Phase 5: Depth 2 for Large MCP Servers (optional)

  • MCP servers with 10+ tools get internal sub-specialists
  • Configurable per-server via mcp-servers.json

11. Open Questions

  1. Should the orchestrator have ANY tools? Pure model says no. Pragmatic model gives it view_soul for identity-aware responses without delegation overhead. What's the right tradeoff?

  2. How to handle specialist failures? If web_researcher times out, should orchestrator retry? Delegate to a different specialist? Return partial results?

  3. Parallel delegation: Smolagents runs managed agents sequentially. For "search the web AND check my goals", could we run specialists concurrently? This would require a custom orchestrator loop.

  4. Onboarding and strategist: These already-specialized agents have 3-4 tools. Should they adopt delegation too, or stay flat? (Recommendation: stay flat — delegation overhead isn't justified for <5 tools.)

  5. Token budget distribution: If orchestrator has 12K token budget for history, and delegates to a specialist that also needs history context... does the specialist get a separate budget? Or does the orchestrator pass a summary?
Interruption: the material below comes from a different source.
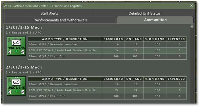 The ammunition available for a unit and its subunits are noted in a few places. It can be viewed in the Subunits tab of the Dashboard for each subunit (see Section 14.2.3 above) and on the Ammunition tab in the Personnel and Logistic Staff Report for the entire unit (see Section 15.5.4 above). See images below. More detail is shown in the Ammunition tab which provides the number of rounds expended up to that current point of time in the battle.

  6. Observability: How do we log/display the full delegation tree for debugging? Each specialist's steps are internal to smolagents. Do we need to subclass to capture them?

  7. Cost tracking: With 2-3x more LLM calls per interaction, how do we track per-user token spend? Should we add cost awareness to the orchestrator's decision-making?


12. Recommendation

Implement depth-1 delegation behind a feature flag.

The smolagents framework gives us managed agent support for free. The main work is:

  1. Grouping tools into specialist domains (~2 days)
  2. Creating the orchestrator factory (~1 day)
  3. Adapting WS streaming for delegation steps (~2 days)
  4. Frontend updates for specialist-level step display (~1 day)
  5. Tests (~1 day)

Start with the feature flag approach (Phase 2 above) so we can compare delegation vs flat agent quality and latency. If delegation proves beneficial, make it the default and remove the flag. If not, we've learned something valuable with minimal disruption.

Do NOT attempt depth 2+ until depth 1 is proven. The overhead compounds and the debugging complexity increases non-linearly.